A voice crying in the wilderness

Posts tagged ‘Commodore 64’

The High Voltage Graphics Collection

Cross posted from Chrome

The High Voltage SID Collection has been around for some time, collecting every known example of Commodore 64 music and audio regardless of how obscure or uncooperative the original file might be.

A new Facepalm Headesk page, the High Voltage Graphics Collection, has been created to collect some of the more unique and outstanding examples of Commodore 64 graphics – clever coding and design has gone far beyond the hardware limitations of the original system permitting new psuedo-graphics modes such as switching between low resolution colour bitmaps and high resolution on alternate frames, using software manipulation of the colour palette to alter the colour map each display line, theoretically permitting up to four unique colours for every 8 by 1 group of pixels and changing the bitmap pointers on the fly to allow high scrolling bitmaps far beyond what the machine should be able to display.

Technical jiggery-pokery and programming tricks aside, art should always be about the design, passion and creative skills of the artist.

A sore point for many artists and admirers in recent years has been the tendency to rely on the software of more modern systems to create the initial design and that convert the completed image to the C64 afterwards – it is no longer about the artists ability to create fine art in a restricted environment, but more about the technical wizardry that permits the artwork to be adapted.
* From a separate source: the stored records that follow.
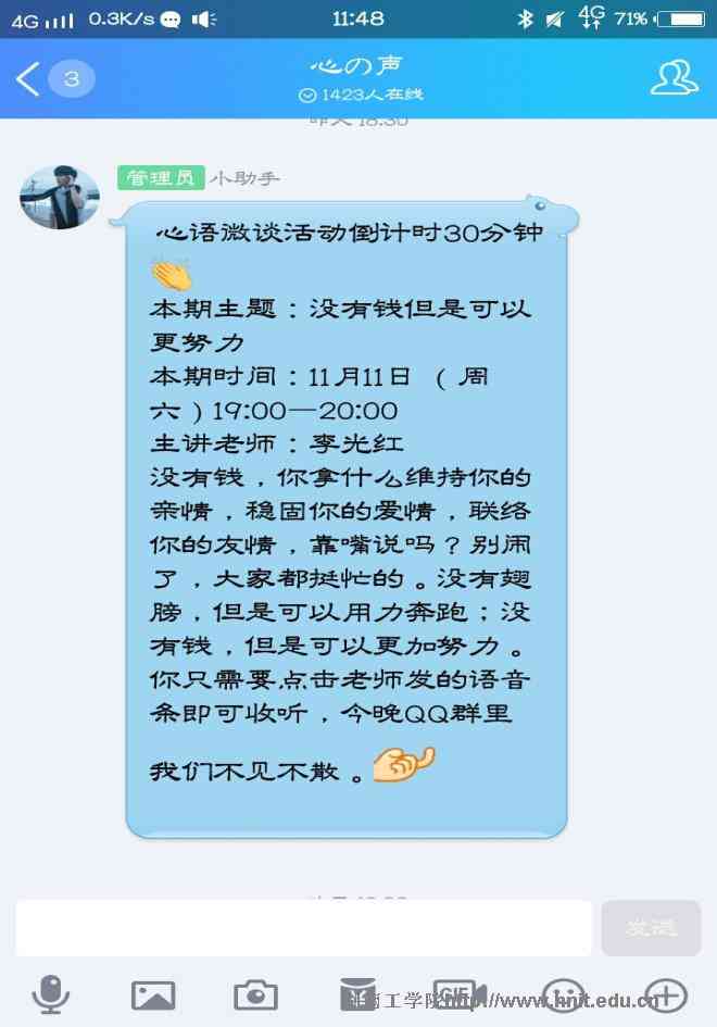 心语微谈是一种在线的实时互动问答活动,活动分为老师主讲和互动提问两种形式,在活动中老师和学生围绕着一个主题进行深入的交流与沟通。本活动共举办六期,主题包含了 “谁的青春不迷茫 ” 、“遇见最好的自己” 、“爱要怎么说出口 ” 、“没有钱,但我可以更努力” 、“ 大学校园—遍地狗粮” 、“学习”呼叫转移。
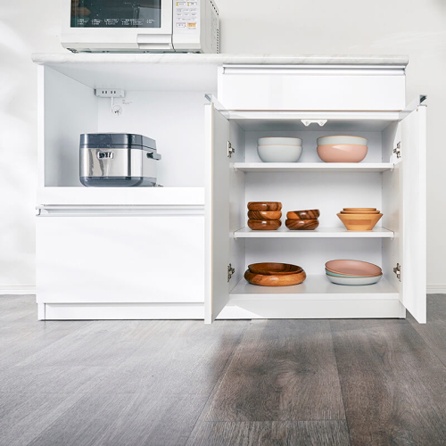 収納力も引き出しが2杯と開き戸収納、スライドカウンターがあり、充実の収納力を備えています。
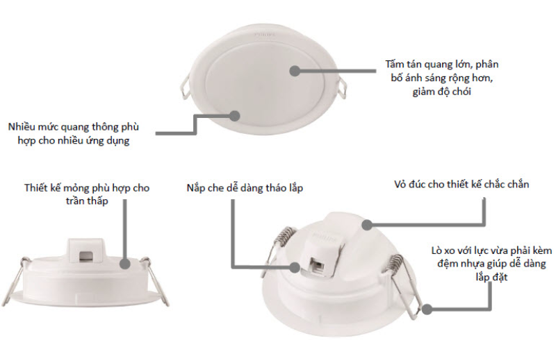 Thân thiện và an toàn với con người, môi trường: Đèn âm trần Philips được làm từ những nguyên vật liệu thân thiện với môi trường, đồng thời không chứa các chất độc hại như thủy ngân, lưu huỳnh, chì và không phát ra tia UV, tia hồng ngoại, tử ngoại nên hoàn toàn an toàn với sức khỏe của người dùng
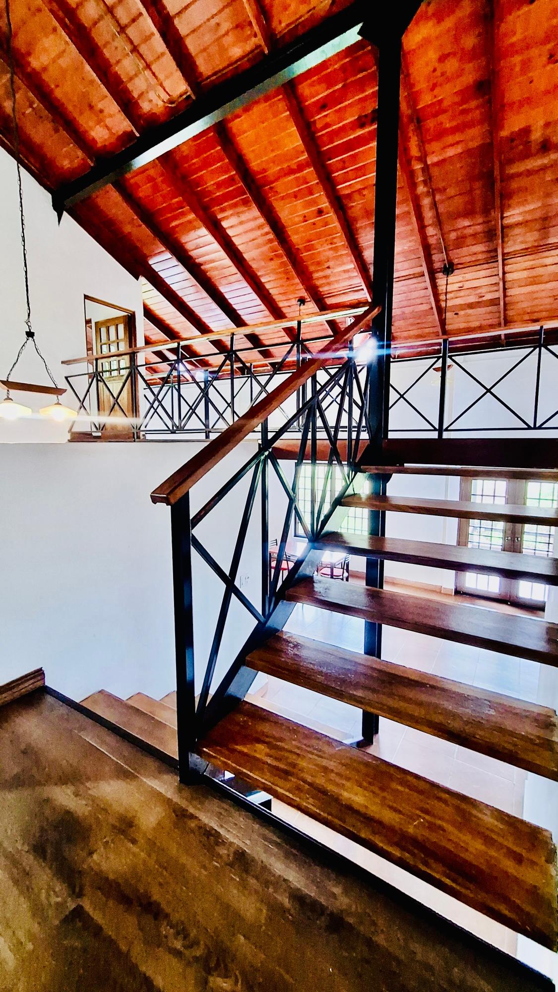 3 levels, wood-burning fireplace, has a storage room, electric gate.
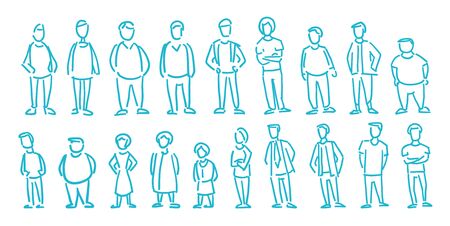 People set. Hand drawn sketch. Ordinary people. Contour blue line vector.
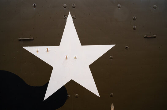 Arromanches, France - August 2, 2021: White star - symbol on the vehicles of american army in the second world war
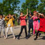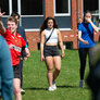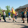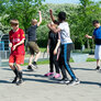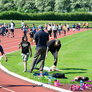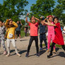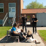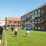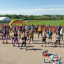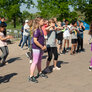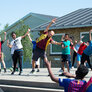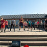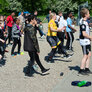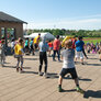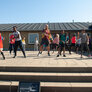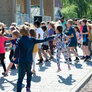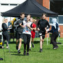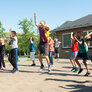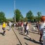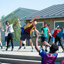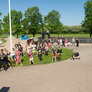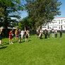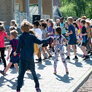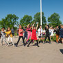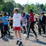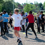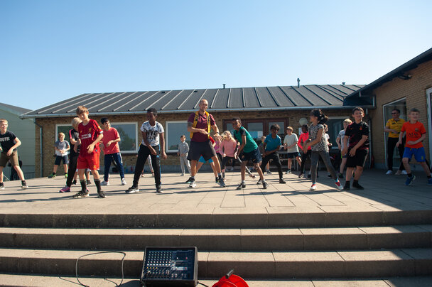 Vi besøgte Vestergårdsskolen hvor der var højt humør og højt aktivitetsniveau efter grundig opvarmning under kyndig instruktion. Det gjorde heller ikke noget at solen strålede fra en skyfri himmel
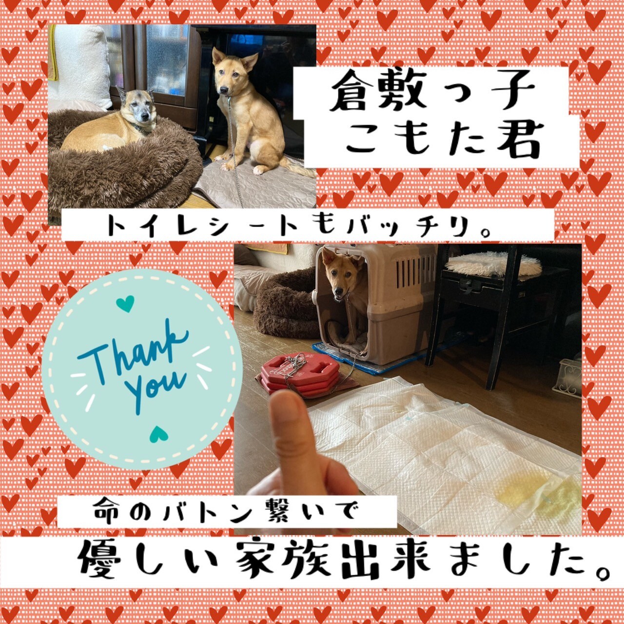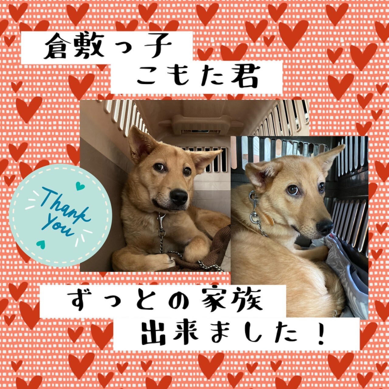 今、まだおうちに向かう車の中で、ドキドキしているかもしれない、こもた君ですが、近い将来、また幸せ便りをお伝えできるのではないかと思います。

When someone has spent days, weeks and months creating an image pixel by pixel only to be beaten in a competition by someone who has submitted an image that is clearly a photograph or scanned image transferred from another system, one can forgive them for questioning why they continue in their field.

The same could be thought of someone spending ages developing a music player and editor that permits a composer and arranger to painstakingly recreate a complex and detailed melody utilising all the unique characteristics of the Commodore unique sound system only to be outclassed by someone who has simply sampled and looped an existing song.

So have a view of the art on display and support the artist, even if you don’t always like their work or understand what they have endeavoured to achieve.